I have to be completely self-motivated to run my team, get sponsorship and find the money to live. That involves lots of boring things like telephone calls, emails and writing proposals. I’m great at prioritising, but the worst at delegating. I suffer massively with migraines, but I’ve learnt to train with them, work with them, coach with them and even race with them because I have to.
The pandemic brought everything to a halt, which made me realise how much I love, need and want to go racing, so this year is full steam ahead. The three big road races are back; the North West 200, Isle of Man TT and Ulster Grand Prix. I’ve also got a new role at the TT as a presenter on their broadcast team which is a dream come true. I used to think I would race forever, but my body reminds me that maybe I won’t, so the opportunity means the world. I’ve still got a little bit more to give though, and my next goal is to become the fastest woman on three wheels as part of an all-female team. The record is 110mph and so far we’ve reached 103mph.

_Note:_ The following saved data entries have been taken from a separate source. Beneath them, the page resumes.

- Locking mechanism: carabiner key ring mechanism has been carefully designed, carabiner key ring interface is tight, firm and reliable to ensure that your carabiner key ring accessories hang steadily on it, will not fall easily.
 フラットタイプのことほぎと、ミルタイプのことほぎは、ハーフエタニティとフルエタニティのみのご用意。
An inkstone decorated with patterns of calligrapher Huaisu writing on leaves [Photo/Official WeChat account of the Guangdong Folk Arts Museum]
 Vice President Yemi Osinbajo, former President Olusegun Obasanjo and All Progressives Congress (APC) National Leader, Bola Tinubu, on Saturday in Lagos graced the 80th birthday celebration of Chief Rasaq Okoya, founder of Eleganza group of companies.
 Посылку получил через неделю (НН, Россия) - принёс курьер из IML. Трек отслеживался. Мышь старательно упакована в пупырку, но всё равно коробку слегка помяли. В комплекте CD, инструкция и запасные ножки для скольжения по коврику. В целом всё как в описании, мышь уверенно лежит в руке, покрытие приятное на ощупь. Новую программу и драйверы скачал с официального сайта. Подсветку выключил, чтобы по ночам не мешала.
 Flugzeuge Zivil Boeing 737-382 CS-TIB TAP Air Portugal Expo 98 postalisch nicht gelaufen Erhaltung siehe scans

I don’t think every first is necessarily important, but breaking down boundaries is. I was the first woman to stand on the podium at the Manx Grand Prix and set the female lap record at the TT, which got recognised as a Guinness World Record and in 2019 I was the first woman to race a solo and a sidecar at the same TT – I’m going back to do that this year.
I never thought I was a competitive person until I got a motorbike; I loved cross country but used to hang back so that I wasn’t picked for the county team. If you want to ride professionally, there isn’t a set path, especially in the UK, but organisations like FAB-Racing are a good place to find out about what it’s like on and off track.

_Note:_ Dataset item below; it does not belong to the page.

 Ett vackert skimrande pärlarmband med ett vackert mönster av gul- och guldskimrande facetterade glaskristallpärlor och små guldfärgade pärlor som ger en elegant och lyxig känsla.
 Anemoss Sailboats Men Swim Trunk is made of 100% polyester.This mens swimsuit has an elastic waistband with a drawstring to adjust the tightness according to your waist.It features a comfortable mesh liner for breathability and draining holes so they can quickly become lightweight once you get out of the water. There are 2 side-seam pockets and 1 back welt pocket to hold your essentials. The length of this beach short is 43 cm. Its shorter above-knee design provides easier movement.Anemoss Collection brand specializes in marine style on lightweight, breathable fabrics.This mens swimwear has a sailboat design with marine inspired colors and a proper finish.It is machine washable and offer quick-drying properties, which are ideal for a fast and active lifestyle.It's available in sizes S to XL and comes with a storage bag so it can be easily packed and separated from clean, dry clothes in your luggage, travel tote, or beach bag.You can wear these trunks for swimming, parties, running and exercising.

The best thing you can do is go and try it, but the reality is, motorcycle racing can hurt you; I’ve broken more than 24 bones. I used to give talks in schools and was very aware of the fact that it sounded fast and thrilling, but the dangers mustn’t be overlooked, especially when dealing with youngsters. My parents weren’t into it at all, and when I started racing it was hard – I was about 19 and had a different attitude. I was a girl in a man’s world and thought I had a point to prove but that didn’t do me any harm, it fuelled my fire. There are only so many spots on a grid for every championship, but who said life was going to be easy?

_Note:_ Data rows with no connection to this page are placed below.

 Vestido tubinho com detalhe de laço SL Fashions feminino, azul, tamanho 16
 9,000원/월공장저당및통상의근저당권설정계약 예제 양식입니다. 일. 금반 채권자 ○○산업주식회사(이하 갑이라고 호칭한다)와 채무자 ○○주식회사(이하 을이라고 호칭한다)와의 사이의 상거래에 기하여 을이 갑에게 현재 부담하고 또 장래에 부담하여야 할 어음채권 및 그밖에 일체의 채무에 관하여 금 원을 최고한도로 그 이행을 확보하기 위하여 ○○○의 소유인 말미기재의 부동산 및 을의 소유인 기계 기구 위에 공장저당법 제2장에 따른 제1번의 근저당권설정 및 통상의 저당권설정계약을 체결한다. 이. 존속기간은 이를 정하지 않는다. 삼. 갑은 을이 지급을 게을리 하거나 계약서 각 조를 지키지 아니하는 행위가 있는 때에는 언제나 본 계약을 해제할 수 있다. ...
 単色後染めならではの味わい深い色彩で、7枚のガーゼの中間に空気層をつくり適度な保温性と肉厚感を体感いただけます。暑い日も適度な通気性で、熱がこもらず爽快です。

Chilling out is something I need to get better at, we all plug in our phones to recharge but when do we ever recharge ourselves? Big chunks of my life are super busy, I spend nearly three weeks at the TT surrounded by people and there’s so much going on so when I get home I tend to be a bit unsociable. I like my movies, paddle boarding and mountain biking, but it’s not long until I get the TT blues, and get going again. I can’t bear just sitting on the sofa.”